Planned Parenthood attorney Roberta Riley said the class-action lawsuit shows women will challenge businesses' inconsistent health care policies - even if government leaders won't. Utah legislators' unwillingness to pass "contraceptive equity" legislation this year leaves businesses in the state vulnerable to sex-discrimination litigation, Riley said.
"The Utah Legislature could do the right thing for businesses and workers by enacting this law," she said.
As in years past, conservative Utah lawmakers in their 2005 session declined to debate the bill, which has been introduced annually.
Taylorsville Republican Sen. Mike Waddoups said lawmakers are reluctant to meddle in the corporate world by forcing a standardized insurance policy on Utah companies. "We'd be telling them how to run their businesses," Waddoups said, adding he doubts threat of a lawsuit would change that stance.
Twenty-one other states have adopted contraceptive equity legislation and supporters believe the lawsuit is evidence of the risk businesses are taking.
"Refusal to cover birth control like other prescription drugs is discrimination, plain and simple," said Planned Parenthood lobbyist and executive Bev Cooper. "The writing's on the wall for Utah and other states. It's just a matter of time."

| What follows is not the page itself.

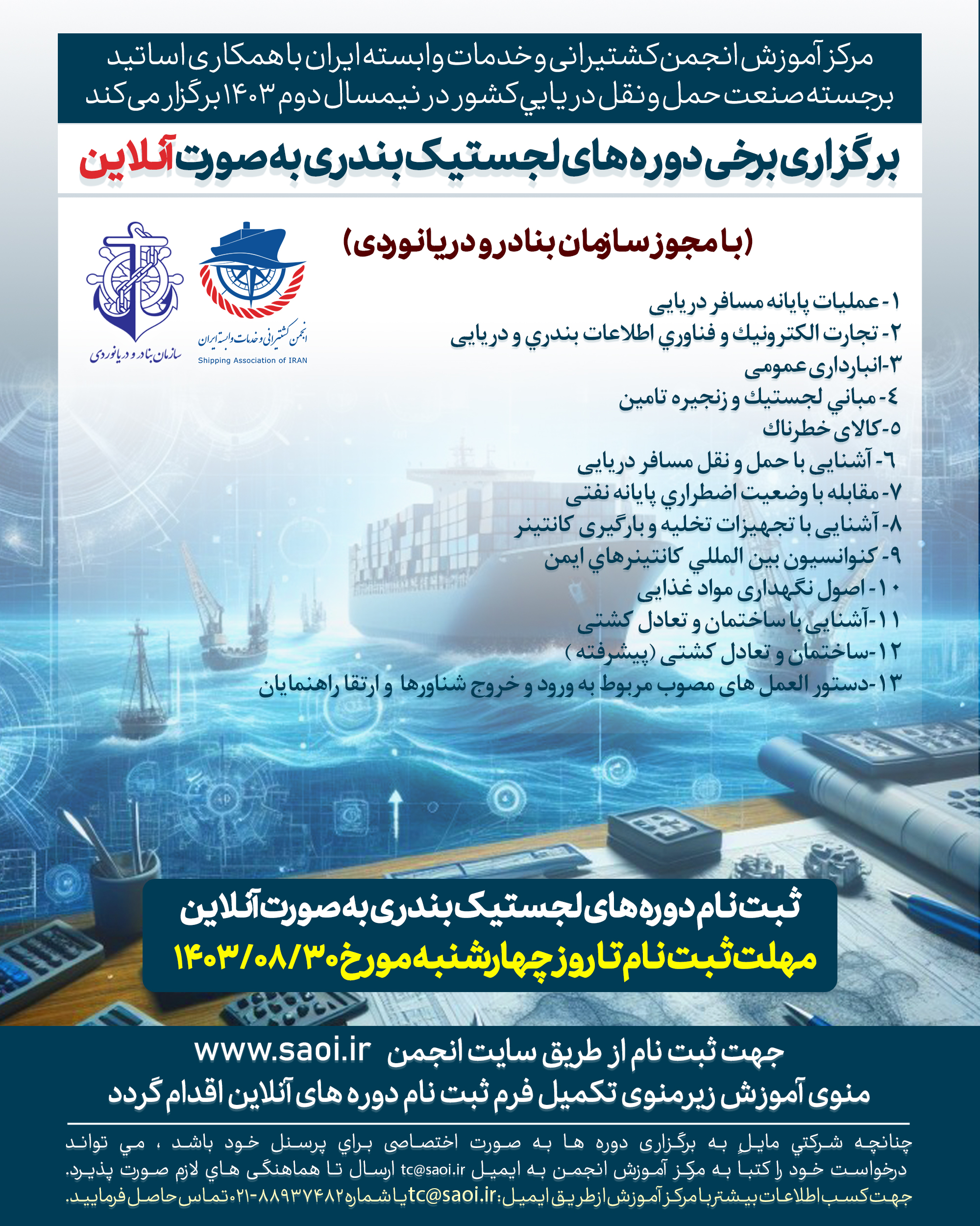 احتراما نظر به امكان برگزاري بخشي از دوره هاي لجستيك بندري ( STCP ) سازمان بنادر و دريانوردي به صورت آنلاين، به اطلاع مي رساند مهلت ثبت نام تا روز چهارشنبه 30 / 8 / 1403 مي باشد.

In the case of Union Pacific, Riley sued on behalf of four female railroad employees living in Idaho, Oregon, Missouri and Washington, charging that the company's refusal to cover women's birth control is sexual discrimination.
Union Pacific covers the cost of prescription birth control for its 3,000 managers, but will not cover rank-and-file employee's prescriptions. Women who have a note from a doctor proving they will use the pill for acne treatment can get an exception to the policy. At the same time, Union Pacific pays for male employees' Viagra prescriptions.
Union Pacific Railroad Employees Health Systems' Kevin Potts said his insurance company is simply following the Omaha-based railroad's policies not to cover prescription birth control for unionized workers.
"It has historically been a railroad decision that we follow suit on," Potts said.
Attorneys with Union Pacific's corporate office did not return calls for comment.